The modified bytecode class file can be decompiled back to a .java file. JAD (Given website is no longer maintained, new web page can be found here) is a freeware Java decompiler which takes class files and decompiles them back to java files, which can be analyzed using tools such as SonarQube. JAD is discussed further in the JAD subsection.

Figure given below is a diagram of the process described above. We start with a HelloWorld.java source file, and compile it to bytecode (.class), which if executed by the JVM would print “Hello World” to the terminal. However, if we modify the file HelloWorld.class with the injector, we can produce modified bytecode that can be executed on the JVM and would now print “Hello Universe” to the terminal. To analyze the equivalent source (.java) file of a modified bytecode file, we must run it through a decompiler to produce the modHelloWorld.java file.

Java compile and decompile process


Input

To model grime growth, the user of the injector must provide the following information. These items may be specified through the injector GUI.

Pattern Class Names and Non Pattern Class Names

The injector uses an arraylist of strings that describe the pattern class names and an arraylist of strings that describe non-pattern classes. Once the string arrays are passed to the injector, Javassist uses the names of these classes to select the corresponding bytecode and create an arraylist of pattern class bytecode files and an arraylist of non-pattern class bytecode files.

Number of Grime Instances

The injector uses an array of integers to specify the number of grime instances to be injected. The array has size six, where each indexed value represents a different type of modular grime (modular grime types are defined in the BACKGROUND section). For example, if the user wants 10 instances of each type of modular grime, then they would pass in an array of 10s [10,10,10,10,10,10]. Values are given in alphabetical order, so if a user wanted to only model 10 instances of PEEG grime type, they would pass in an array with only one 10 in the third index and the rest 0’s [0,0,10,0,0,0]. Using the GUI, the user can explicitly state the numbers of each grime type (or a number for each). The GUI will then pass the appropriate array to the injector.

Number of Runs (Repeats)

This is an optional parameter integer that specifies the number of times to repeat the injections. This is useful when running experiments and multiple sets of modified projects need to be obtained, such as for running statistical analysis to determine means or determining statistical differences. The default value of this parameter is 1.

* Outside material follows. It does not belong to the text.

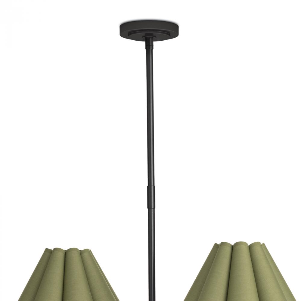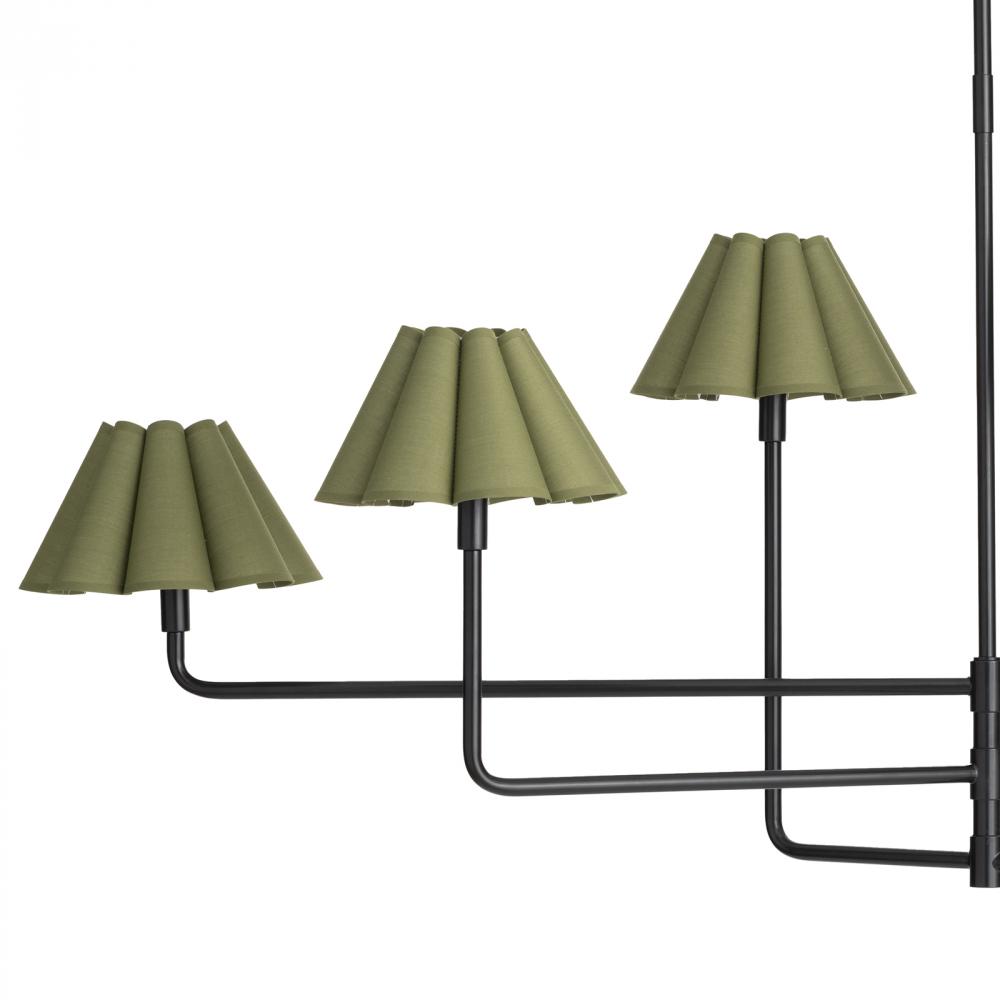The Polly Chandelier embodies grace and versatility with its six shades, delicately crafted from green linen and sewn into a charming scalloped pattern. Its multi-tiered design, coupled with Blackened Brass rotatable arms, offers flexibility in configurati

Number of Versions (Iterations)

The version option is intended to represent the growth of grime over iterations of software. The injection begins by performing the expected number of injections and outputting the injected bytecode into the appropriate directory (the directory structure is explained below). Before exiting the program, the injector will feed the outputted bytecode back into the injection process and inject over the previously injected code thus compounding the grime. It continues this process for the number of specified iterations before moving onto the next run. If no number of versions is specified, the default value is 1.


Initialization

The injector performs a series of initialization steps. First an integer variable is injected into every class file. This variable in injected so that when performing temporary grime injections, the program can inject a variable that is guaranteed to exist.

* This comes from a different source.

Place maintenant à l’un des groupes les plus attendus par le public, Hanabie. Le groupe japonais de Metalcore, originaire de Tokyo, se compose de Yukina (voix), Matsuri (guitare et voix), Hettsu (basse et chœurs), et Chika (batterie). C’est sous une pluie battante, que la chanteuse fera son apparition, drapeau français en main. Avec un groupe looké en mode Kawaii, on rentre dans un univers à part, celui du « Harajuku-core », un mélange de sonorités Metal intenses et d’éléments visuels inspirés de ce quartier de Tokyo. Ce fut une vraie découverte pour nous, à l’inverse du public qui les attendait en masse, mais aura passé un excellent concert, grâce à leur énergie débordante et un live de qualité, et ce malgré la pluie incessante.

Because the grime injector cannot at this time handle classes with non-empty constructors, the injector catches the exception that arises when attempting to inject a persistent grime type and it will add an empty constructor to the class. This works because Java allows constructors to be overloaded. For example, a java class with a constructor like: Foo(int bar) would throw an exception if Javassist attempted to initialize an instance of that class because it does not have the required parameters to initialize it. To avoid this exception, another constructor may be added to class Foo so that it may be initialized by simply calling Foo().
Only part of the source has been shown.